::: Data in this exercise

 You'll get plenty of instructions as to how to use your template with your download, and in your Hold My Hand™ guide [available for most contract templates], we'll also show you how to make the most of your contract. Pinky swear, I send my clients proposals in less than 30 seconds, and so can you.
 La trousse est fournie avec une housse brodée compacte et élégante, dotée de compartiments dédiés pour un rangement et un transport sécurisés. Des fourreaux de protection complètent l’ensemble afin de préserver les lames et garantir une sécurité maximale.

::::::
::: Data in this exercise

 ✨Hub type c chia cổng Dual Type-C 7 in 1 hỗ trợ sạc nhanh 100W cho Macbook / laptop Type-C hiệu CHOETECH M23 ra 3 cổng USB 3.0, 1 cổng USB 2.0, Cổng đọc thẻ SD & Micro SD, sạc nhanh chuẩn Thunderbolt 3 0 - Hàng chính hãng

::::::
::: Data in this exercise

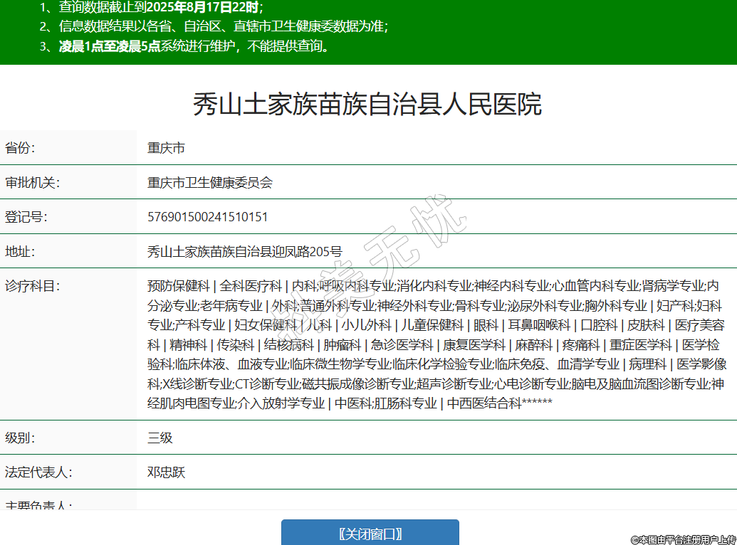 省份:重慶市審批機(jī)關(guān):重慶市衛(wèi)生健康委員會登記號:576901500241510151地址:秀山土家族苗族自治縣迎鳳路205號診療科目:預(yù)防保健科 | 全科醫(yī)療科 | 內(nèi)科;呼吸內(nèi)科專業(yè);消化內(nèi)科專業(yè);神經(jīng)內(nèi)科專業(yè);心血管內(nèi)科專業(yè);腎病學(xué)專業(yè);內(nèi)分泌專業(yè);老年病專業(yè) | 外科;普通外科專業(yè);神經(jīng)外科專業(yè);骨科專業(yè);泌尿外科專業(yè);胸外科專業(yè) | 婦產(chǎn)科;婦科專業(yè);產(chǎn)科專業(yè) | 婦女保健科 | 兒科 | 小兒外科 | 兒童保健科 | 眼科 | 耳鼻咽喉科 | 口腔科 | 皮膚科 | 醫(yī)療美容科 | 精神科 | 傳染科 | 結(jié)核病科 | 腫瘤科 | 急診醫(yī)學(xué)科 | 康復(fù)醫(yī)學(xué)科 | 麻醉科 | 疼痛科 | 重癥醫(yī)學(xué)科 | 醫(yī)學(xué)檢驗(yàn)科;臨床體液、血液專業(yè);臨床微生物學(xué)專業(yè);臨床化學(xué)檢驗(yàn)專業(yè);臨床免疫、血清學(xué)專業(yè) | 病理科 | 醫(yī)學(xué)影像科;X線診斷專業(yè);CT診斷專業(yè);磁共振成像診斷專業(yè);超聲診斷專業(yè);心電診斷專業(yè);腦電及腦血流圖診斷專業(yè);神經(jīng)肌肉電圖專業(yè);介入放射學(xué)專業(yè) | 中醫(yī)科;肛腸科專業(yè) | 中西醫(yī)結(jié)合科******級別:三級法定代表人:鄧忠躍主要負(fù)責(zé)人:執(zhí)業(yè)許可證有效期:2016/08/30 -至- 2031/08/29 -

::::::

What is required: Go to the line with "You'll get plenty" in the entries above and repeat every line from there through the line with "La trousse est", exactly and with no other text.

Answer space:
 You'll get plenty of instructions as to how to use your template with your download, and in your Hold My Hand™ guide [available for most contract templates], we'll also show you how to make the most of your contract. Pinky swear, I send my clients proposals in less than 30 seconds, and so can you.
 La trousse est fournie avec une housse brodée compacte et élégante, dotée de compartiments dédiés pour un rangement et un transport sécurisés. Des fourreaux de protection complètent l’ensemble afin de préserver les lames et garantir une sécurité maximale.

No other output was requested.